- _The problem_
Would you transcribe the records below from the line with "上线福利:vip15、888888钻石 1.创角即送满V、888888钻石 2.每日上限赠送648代金券,不花钱也能充到爽!" to the line with "5月27日,礦工家屬在井口愁", ends included, exactly and with nothing more, leaving the pictures out?

- _Provided entries_
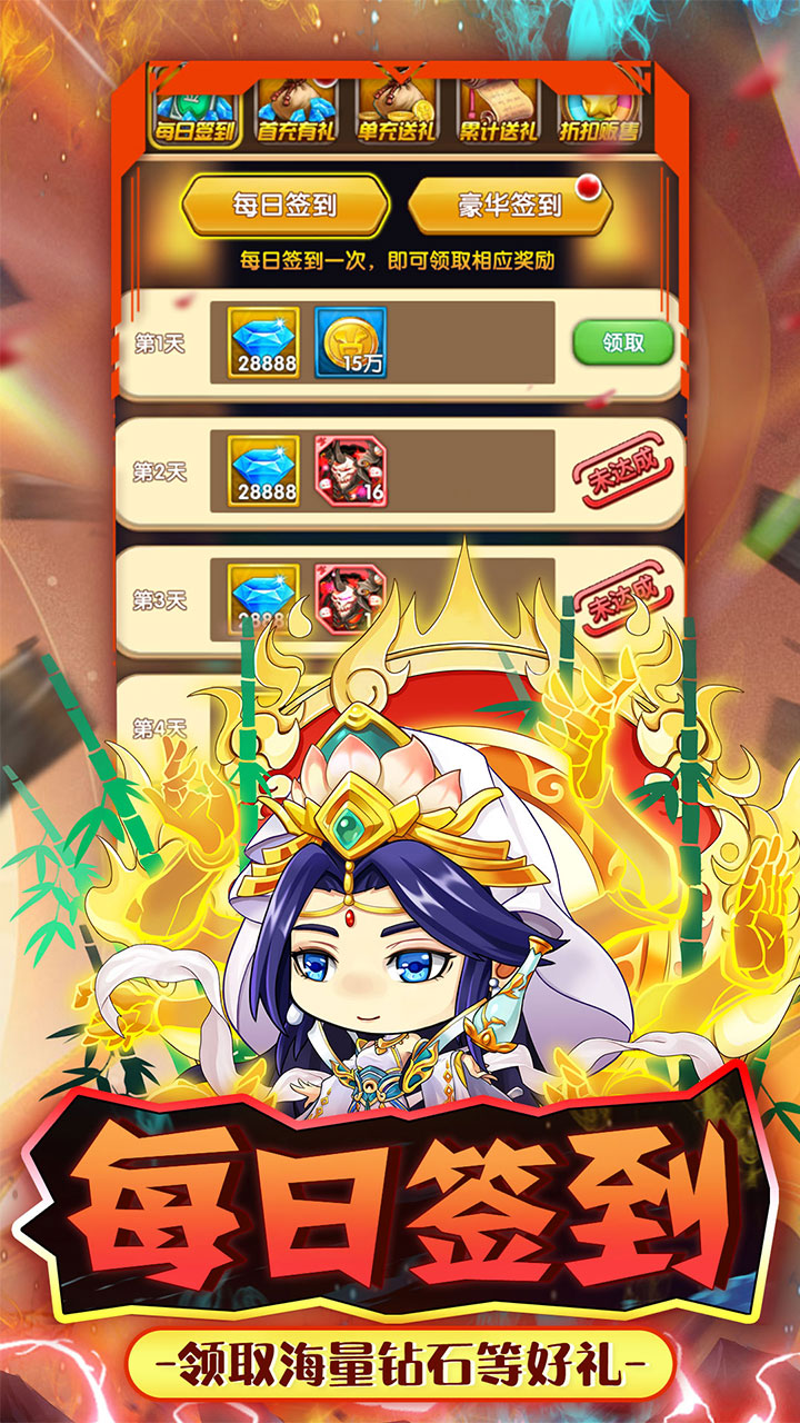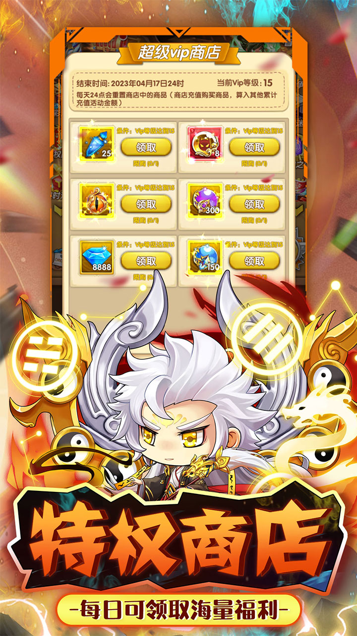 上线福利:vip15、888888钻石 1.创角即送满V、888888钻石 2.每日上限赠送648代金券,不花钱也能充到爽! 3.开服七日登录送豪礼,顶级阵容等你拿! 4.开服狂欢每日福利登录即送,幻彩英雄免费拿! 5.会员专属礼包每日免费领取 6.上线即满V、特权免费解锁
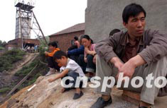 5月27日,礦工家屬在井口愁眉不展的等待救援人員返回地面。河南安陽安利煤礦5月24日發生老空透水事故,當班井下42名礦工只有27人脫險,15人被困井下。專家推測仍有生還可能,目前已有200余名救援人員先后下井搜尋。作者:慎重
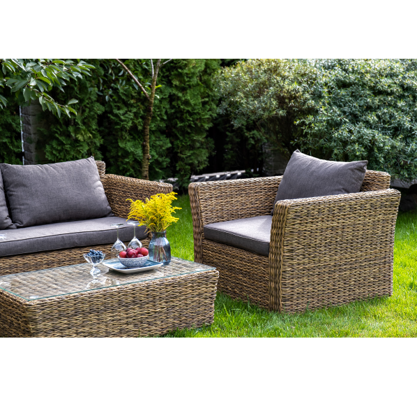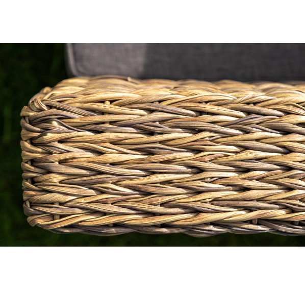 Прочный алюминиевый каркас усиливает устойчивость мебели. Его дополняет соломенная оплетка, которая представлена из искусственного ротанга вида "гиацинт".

---

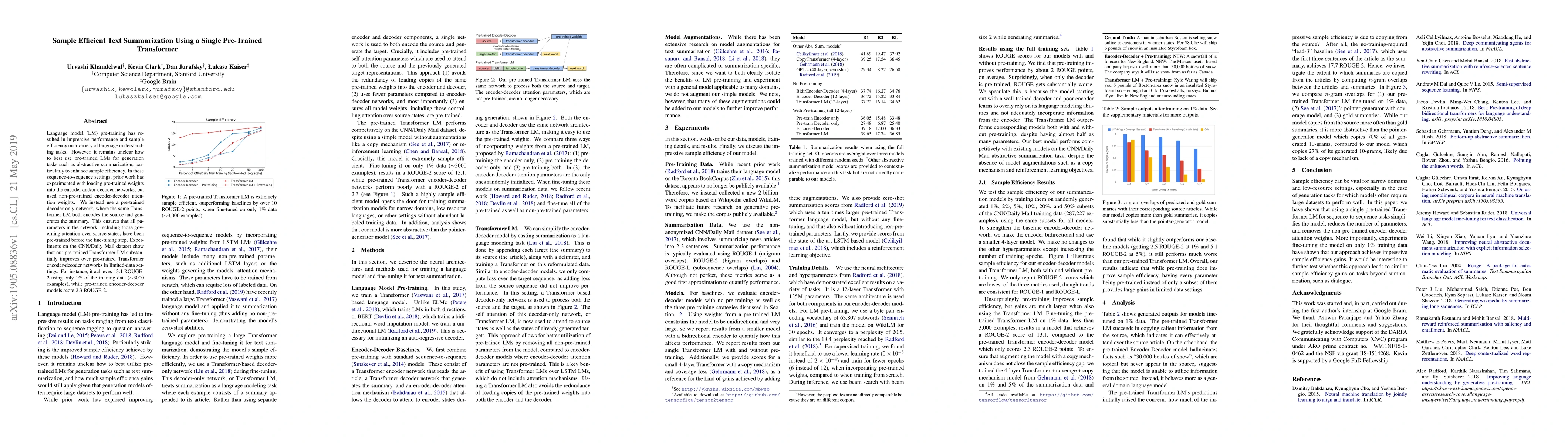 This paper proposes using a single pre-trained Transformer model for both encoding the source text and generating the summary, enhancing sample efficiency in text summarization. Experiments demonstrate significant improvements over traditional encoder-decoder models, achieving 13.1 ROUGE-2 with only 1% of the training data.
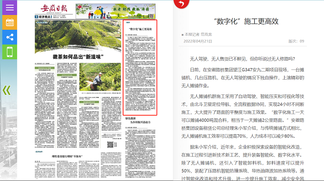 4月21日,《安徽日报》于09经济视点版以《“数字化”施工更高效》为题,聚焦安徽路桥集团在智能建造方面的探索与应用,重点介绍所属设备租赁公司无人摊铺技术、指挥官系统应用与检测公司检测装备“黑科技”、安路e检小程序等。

* * *

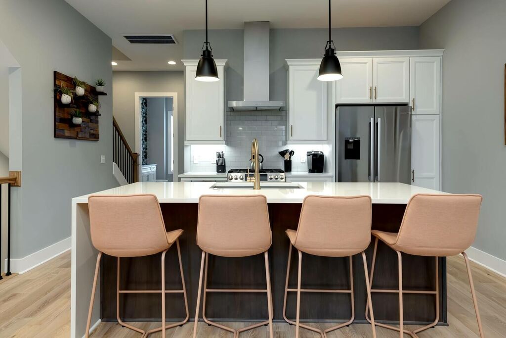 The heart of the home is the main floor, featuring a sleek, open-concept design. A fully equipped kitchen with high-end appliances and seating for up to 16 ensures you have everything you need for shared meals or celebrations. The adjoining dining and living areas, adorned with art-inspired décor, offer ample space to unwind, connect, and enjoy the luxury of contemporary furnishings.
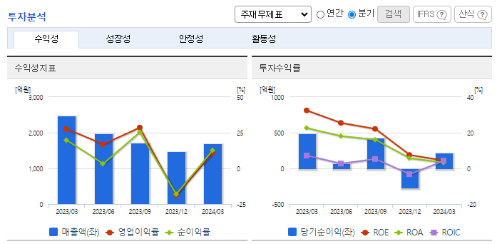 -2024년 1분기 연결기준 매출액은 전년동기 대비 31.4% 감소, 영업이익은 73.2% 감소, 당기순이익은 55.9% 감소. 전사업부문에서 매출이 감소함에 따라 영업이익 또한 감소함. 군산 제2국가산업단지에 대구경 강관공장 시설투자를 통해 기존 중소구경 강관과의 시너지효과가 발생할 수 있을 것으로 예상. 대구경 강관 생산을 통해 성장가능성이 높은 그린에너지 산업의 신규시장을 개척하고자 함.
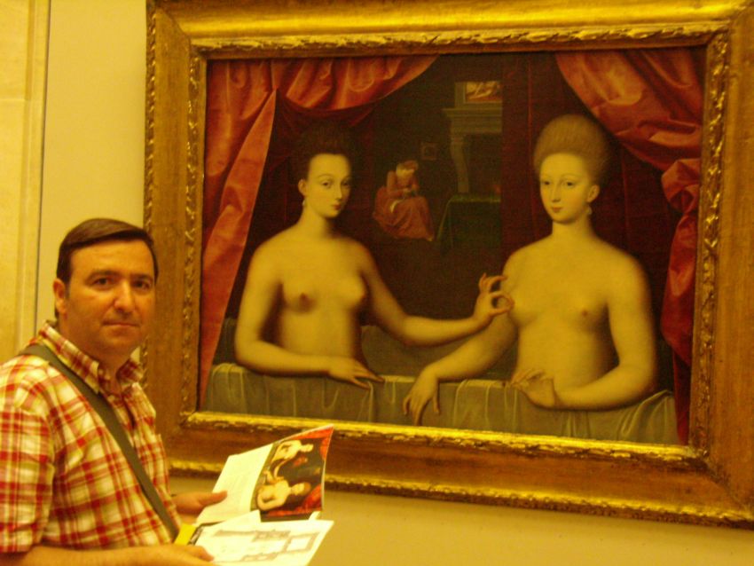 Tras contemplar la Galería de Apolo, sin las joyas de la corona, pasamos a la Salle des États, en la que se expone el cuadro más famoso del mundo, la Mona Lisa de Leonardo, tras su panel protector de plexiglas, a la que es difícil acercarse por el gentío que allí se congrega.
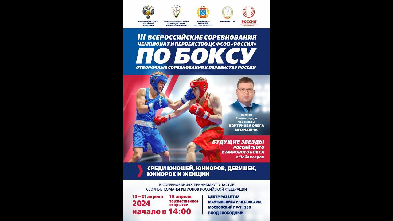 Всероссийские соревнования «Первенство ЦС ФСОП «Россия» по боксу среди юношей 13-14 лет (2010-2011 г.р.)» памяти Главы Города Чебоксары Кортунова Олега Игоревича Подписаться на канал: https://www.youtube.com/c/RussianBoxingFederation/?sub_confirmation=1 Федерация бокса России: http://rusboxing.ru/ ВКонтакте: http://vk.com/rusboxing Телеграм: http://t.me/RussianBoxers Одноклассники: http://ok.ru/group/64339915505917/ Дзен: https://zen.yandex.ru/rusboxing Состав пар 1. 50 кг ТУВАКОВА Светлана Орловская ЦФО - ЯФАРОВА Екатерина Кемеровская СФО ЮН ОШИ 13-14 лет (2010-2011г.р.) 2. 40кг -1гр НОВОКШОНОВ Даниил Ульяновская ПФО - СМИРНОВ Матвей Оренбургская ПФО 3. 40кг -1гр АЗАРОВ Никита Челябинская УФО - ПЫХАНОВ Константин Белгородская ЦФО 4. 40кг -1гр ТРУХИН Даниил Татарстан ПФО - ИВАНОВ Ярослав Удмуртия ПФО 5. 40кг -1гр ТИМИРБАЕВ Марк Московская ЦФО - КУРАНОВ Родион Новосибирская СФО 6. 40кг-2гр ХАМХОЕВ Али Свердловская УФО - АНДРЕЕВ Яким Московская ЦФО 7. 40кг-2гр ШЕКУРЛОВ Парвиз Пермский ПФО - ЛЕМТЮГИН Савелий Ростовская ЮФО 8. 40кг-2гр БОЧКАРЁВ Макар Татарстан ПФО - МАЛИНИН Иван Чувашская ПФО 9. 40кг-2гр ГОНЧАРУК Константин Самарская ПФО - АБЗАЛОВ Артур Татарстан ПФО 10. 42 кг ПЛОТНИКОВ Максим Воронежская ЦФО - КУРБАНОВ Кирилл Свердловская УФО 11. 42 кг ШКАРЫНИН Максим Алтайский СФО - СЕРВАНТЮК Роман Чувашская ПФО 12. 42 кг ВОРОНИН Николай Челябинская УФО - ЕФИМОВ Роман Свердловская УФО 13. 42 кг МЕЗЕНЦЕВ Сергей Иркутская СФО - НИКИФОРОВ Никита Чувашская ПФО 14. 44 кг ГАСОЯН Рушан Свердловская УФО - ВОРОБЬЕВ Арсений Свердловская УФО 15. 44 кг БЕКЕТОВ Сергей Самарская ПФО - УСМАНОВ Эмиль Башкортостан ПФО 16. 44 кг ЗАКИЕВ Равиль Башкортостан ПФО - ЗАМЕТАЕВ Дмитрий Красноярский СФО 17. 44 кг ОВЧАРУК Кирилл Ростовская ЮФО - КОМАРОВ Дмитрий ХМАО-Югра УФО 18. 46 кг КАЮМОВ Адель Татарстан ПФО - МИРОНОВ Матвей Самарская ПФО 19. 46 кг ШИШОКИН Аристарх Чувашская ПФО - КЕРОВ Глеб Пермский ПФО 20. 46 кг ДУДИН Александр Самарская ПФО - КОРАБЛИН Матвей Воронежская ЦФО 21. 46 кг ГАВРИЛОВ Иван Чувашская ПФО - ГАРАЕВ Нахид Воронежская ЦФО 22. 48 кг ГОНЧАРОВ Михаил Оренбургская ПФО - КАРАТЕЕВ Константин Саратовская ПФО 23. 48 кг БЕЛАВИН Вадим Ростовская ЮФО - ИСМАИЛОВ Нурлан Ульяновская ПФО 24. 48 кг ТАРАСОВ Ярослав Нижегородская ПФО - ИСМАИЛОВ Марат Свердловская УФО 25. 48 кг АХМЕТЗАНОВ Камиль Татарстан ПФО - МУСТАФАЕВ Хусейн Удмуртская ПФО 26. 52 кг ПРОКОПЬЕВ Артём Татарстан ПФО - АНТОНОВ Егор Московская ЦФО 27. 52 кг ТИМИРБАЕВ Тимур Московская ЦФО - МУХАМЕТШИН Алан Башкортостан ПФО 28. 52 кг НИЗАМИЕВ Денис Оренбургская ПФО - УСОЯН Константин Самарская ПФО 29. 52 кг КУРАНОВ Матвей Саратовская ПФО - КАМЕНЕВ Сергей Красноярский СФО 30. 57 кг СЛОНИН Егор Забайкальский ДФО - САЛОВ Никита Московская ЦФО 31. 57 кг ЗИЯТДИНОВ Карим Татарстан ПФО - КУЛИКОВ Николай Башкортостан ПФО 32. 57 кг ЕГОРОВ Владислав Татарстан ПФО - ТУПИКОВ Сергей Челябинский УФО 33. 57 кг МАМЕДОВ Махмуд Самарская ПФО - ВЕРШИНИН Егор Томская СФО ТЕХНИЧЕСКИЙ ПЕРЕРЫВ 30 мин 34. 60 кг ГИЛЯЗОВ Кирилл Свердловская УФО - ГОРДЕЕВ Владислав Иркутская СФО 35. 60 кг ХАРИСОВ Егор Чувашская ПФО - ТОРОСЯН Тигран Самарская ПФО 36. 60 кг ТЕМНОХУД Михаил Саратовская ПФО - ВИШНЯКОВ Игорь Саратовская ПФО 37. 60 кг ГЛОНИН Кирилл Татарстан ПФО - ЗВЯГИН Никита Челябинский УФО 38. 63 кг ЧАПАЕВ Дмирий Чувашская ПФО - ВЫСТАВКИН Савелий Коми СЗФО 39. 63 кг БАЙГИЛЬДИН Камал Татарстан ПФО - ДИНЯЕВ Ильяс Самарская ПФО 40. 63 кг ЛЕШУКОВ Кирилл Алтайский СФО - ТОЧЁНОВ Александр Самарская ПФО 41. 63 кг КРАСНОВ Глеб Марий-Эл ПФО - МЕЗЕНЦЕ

- _Expected answer_
 上线福利:vip15、888888钻石 1.创角即送满V、888888钻石 2.每日上限赠送648代金券,不花钱也能充到爽! 3.开服七日登录送豪礼,顶级阵容等你拿! 4.开服狂欢每日福利登录即送,幻彩英雄免费拿! 5.会员专属礼包每日免费领取 6.上线即满V、特权免费解锁
 5月27日,礦工家屬在井口愁眉不展的等待救援人員返回地面。河南安陽安利煤礦5月24日發生老空透水事故,當班井下42名礦工只有27人脫險,15人被困井下。專家推測仍有生還可能,目前已有200余名救援人員先后下井搜尋。作者:慎重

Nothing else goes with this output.